**RECORDS FOR THE TASK**

━━━

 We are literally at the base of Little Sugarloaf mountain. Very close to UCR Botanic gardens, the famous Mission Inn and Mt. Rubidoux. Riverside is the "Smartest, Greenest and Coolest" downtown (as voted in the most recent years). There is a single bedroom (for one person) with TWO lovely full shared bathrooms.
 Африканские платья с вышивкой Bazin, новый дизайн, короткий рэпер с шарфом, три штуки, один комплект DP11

━━━

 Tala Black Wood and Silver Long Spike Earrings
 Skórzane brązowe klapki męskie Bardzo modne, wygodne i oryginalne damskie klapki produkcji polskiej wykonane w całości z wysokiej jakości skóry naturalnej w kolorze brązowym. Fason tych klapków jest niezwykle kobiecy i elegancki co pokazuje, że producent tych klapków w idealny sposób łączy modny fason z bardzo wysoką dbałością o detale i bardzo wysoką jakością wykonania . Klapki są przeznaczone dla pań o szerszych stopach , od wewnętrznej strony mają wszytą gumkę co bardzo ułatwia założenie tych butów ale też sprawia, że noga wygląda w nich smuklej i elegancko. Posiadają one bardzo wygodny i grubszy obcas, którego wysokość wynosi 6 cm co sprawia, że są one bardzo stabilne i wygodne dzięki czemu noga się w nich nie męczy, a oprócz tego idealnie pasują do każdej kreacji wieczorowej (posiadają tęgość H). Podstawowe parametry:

━━━

**WHAT THE EXERCISE ASKS**
In the entries above, the lines from the one bearing "We are literally" up to and including the one bearing "Африканские платья с" should be transcribed exactly; no other line is wanted.

**COMPLETED EXERCISE**
 We are literally at the base of Little Sugarloaf mountain. Very close to UCR Botanic gardens, the famous Mission Inn and Mt. Rubidoux. Riverside is the "Smartest, Greenest and Coolest" downtown (as voted in the most recent years). There is a single bedroom (for one person) with TWO lovely full shared bathrooms.
 Африканские платья с вышивкой Bazin, новый дизайн, короткий рэпер с шарфом, три штуки, один комплект DP11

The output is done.